Q: “I’m too old to move. I’m set in my ways.”

A: I’m reminded of the phrase from the Lord’s Prayer, “Give us this day our daily bread.” I don’t think that it has to do with where you currently live but where you can earn your income. And I believe that flexibility is part of the answer in this process. The more flexible we’re willing to be, the more easily our needs can be met in this area in terms of providing the income we need for our basic necessities.

James O. Armstrong, President of, Inc.,, also serves as the Editor of is the resource for job and career transitions for workers 40 years old and over, Baby Boomers and Active Seniors. Read for skills training, relocation options, job opportunities and much more. In addition, James is the author of “Now What? Discovering Your New Life and Career After 50.”

Article Source: Articles for Boomers

By Rosie

I am a blogging boomer who wants to promote and provide all things boomer.

8 thoughts on “Aging Parents? Baby Boomer? Can You Relate?”
  1. Definitely a great article and food for thought. It just proves that many of us get stuck on the first line and have difficulty looking at other options in our lives..It starts out no I cannot…That has to change in order to get your life out of stuck position. Talk with afriend, write down the good and bad, check into all options…carol stanley author of For Kids 59.99 and Over

  2. I have been going through all of this with my mother over the last year. I have put a lot of information on my blog, Davy’s Locker, but one of the most wonderful options out there that I was not aware of is adult day care. There are these types of places out there for anyone caring for their aging parent at home, where they can be picked up in the morning and take place in wonderful programs all day and then brought home in the afternoon. IT’s a great option for those who want to try to keep their parent out of a nursing home. In fact, once in the program, even if they need to go to a retirement home, the day care center will continue to bring them there for the day. If under a certain income, around 18,000 per year, medicaid can pay for the whole thing! Check out my blog for more info or google for adult day care in your area.

  3. Currently, my 88 year old mother-in-law, who lives in the same home with my family and I, is being evaluated at a hospital close to our home for one more day. Plus, her dog, who has diabetes and eye problems, spent part of today at the Vet’s office in Woodstock, IL.

    My wife and I plus our ever faithful administrative assistant, Linda Wright, who works for both us in our various endavors on a less than full-time basis, also pitches in to help us with my mother-in-law and her dog, too.

    Life does get complicated. For my wife, who is a full-time pastor with an earned doctorate, she would say that “it is all about relationships.” And, I am sure she’s right.

    For me, it’s also about balancing a job or career in the process, too. In the future, a growing number of companies will offer all sorts of assitance dealing with eldercare issues, including eldercare on the premises of mid-size and large corporations and at larger government installations.

    This option will increasingly become a part of an overall corporate benefit plan and will become more and more important, as our population continues to age.
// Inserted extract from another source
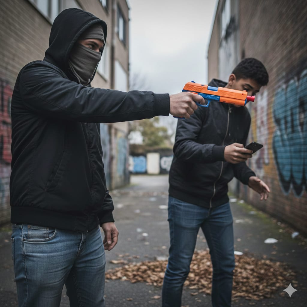 Dari tangan pelaku, polisi menyita sejumlah barang bukti berupa satu unit pistol warna hitam yang ternyata diketahui hanya mainan, satu unit iPhone 15 Pro beserta kotaknya, sepeda motor yang digunakan pelaku, jaket hitam-biru, serta masker.

  4. Day Care is great, however, just like Day Care for children you want to visit, get to know the transportation folks and nursing support. They need to know that you are not just dropping off and out of sight.
    I think they should have sessions for care givers also just like parent meetings Ha just one great cycle of love

  5. This is a great article, Rosie! As a daughter who had to make some real tough decisions about my mother, I can relate. It is so, so true, that we often close the door to the many possibilities and choices we have in life, because we often say “I can’t.”

    When you say you can, you open yourself to other possibilities, new opportunities, people and creative ways to find solutions to problems. When you say you can’t, the doors close because you’ve locked them behind you.

    It’s really our choice.

  6. I think many of us are relating to this. Just hope we are preparing our children and helping them to CARE and work with their siblings to coordinate care.
    Guess it is good to teach teamwork outside of the sports arena.